Мы снова ринулись в поток автомобилей, как иудеи в Красное море, и счастливо достигли другого берега. Все-таки душою Силвер был рьяный анархист. Сигналы светофора он игнорировал убежденно и бестрепетно. Это напоминало своеобразный слалом с риском ежесекундно угодить на больничную койку.

– Если любишь посидеть в кафе, наблюдая за лавочкой со стороны, надо уметь не упустить клиента. Вот я и бегаю через улицу, презрев смерть и страх. – Он достал из кармана свой потертый бумажник. – Значит, вам нужен аванс. Как насчет ста долларов?

– Это за работу или за бронзу?

– Зато и за другое.

– Ладно, – согласился я. – Но только за бронзу. За работу отдельный расчет. Лучше всего, если вы будете мне платить в конце каждой недели.

Силвер неодобрительно покачал головой.

– Еще какие будут пожелания? Платить прикажете серебром или золотыми слитками?

– Не надо слитками. И я вовсе не кровожадная акула. Просто это первые деньги, которые я в Америке буду зарабатывать! Они дают мне надежду, что я не стану здесь нищенствовать и не помру с голода. Понимаете? Отсюда, наверное, и некоторая моя ребячливость.

– Оригинальная у вас манера быть ребячливым, ничего не скажешь. – Силвер извлек десять десятидолларовых банкнот. – Это аванс за нашу совместную сделку. – Он добавил еще пять десяток. – Цена, уплаченная вами за бронзу. Все правильно?

– Даже благородно. Когда мне завтра заступать?

– Не в восемь. С девяти. Это еще одно преимущество работы в нашем бизнесе. В восемь утра люди антиквариат не покупают.

Я запихнул деньги в карман и попрощался. Улица встретила меня шумом и ослепительным сиянием дня.
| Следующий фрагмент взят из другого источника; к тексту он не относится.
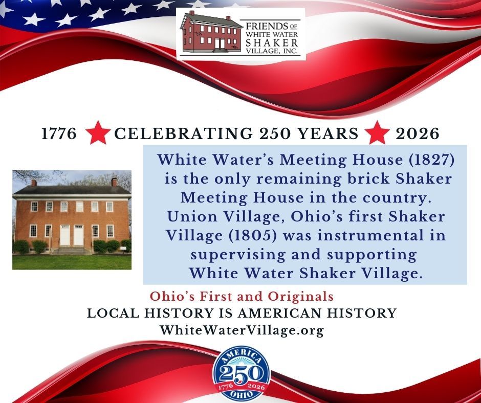 White Water's Meeting House is the only brick Shaker meeting house built in Ohio and the only one of the two brick Shaker meeting houses built in America remaining. The other brick meeting house was at South Union Shaker Village in Auburn, Kentucky.

Я еще не так долго пребывал на воле, чтобы позабыть прямую связь жизни и денег. Пока что это было для меня одно и то же. Деньги просто-напросто означали жизнь. У меня в кармане похрустывали три недели жизни.

Был полдень. Мы сидели в магазине Роберта Хирша – Равич, Роберт Хирш и я. На улице только-только вступил в свои права час бухгалтеров.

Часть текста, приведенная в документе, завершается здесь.